Wednesday, April 22, 2009

Sustaining Your Writing Productivity

Two fairly recent posts in Tomorrow's Professor capture very succinctly the skills and approaches toward writing that we will be developing during Metro State's Scholarly Writing Workshop on May 28 & 29.

In their post How to Write Anything, Richard M. Felder and Rebecca Brent argue:

The strategy of waiting for large blocks of time to work on major writing projects has two significant flaws. When you finally get to a block, it's been so long since the last one that it can take hours or days to build momentum again and you're likely to run out of time before much gets written. Also, as soon as the block arrives other things rush in to fill it, such as your family, whom you've been neglecting for months and who now legitimately think it's their turn.
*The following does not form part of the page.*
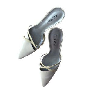 Vintage BCBGirls Off White Patent Leather Pointy Toe Slip-on Mules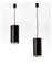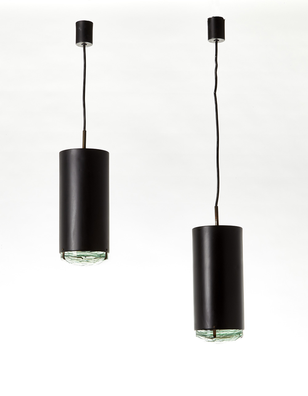 Due lampade a sospensione. Milano, anni '60. corpo cilindrico in alluminio verniciato nero e diffusore in cristallo verdino sfaccettato di grande spessore. (h cm 140) (lievi difetti)

A much more effective strategy is to make a commitment to regularly devote short periods of time to major writing projects. Thirty minutes a day is plenty, or maybe an hour three times a week.

And in a more recent post, Gina Hiatt urges, very simply, to "write before you're ready."
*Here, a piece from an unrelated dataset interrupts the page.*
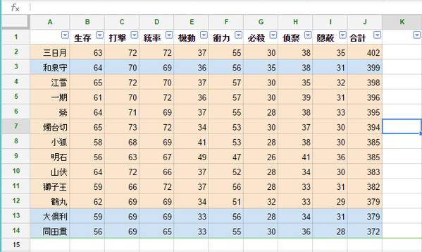 ステータス合計値で江雪左文字を抜く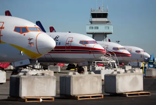 ここはボーイング社の駐機場。何故、こんなに密集しているのか?

Both arguments are expanded on in the respective blog posts, and both are attributed to Robert Boice, Professors as Writers (Stillwater, OK: New Forums Press, 1990), which will figure prominently in the Scholarly Writing Workshop.

All Metro State faculty, administrators, and staff are invited to be part of the Scholarly Writing Workshop. Registration closes on May 8.

Wednesday, April 15, 2009

Presenting and Explaining, or, The Lecture

I'm in the middle of reading Teaching First-Year College Students, and I've come across a section of the book where yet again the suggestions and examples given can apply not only to courses for first-year students, but to all of our courses. In this case, it's with regard to how we lecture, or, as the authors prefer to call it, "present and explain".

Most of us lecture at least some of the time we spend teaching, and for good reason: "a clear explanation or demonstration is often a good place to start instruction." (87)

What the authors would like us to do, though, is move away from the 50-minute non-stop lecture:

Our content is important, and we can cover a lot of it in class if we are not interrupted. Most of us will, of course, acknowledge that it makes no sense to cover material if students do not understand it and do not remember it. Nevertheless, covering content is a powerful drive, and it often rules that day—usually at the expense of activities that would result in greater learning. (91)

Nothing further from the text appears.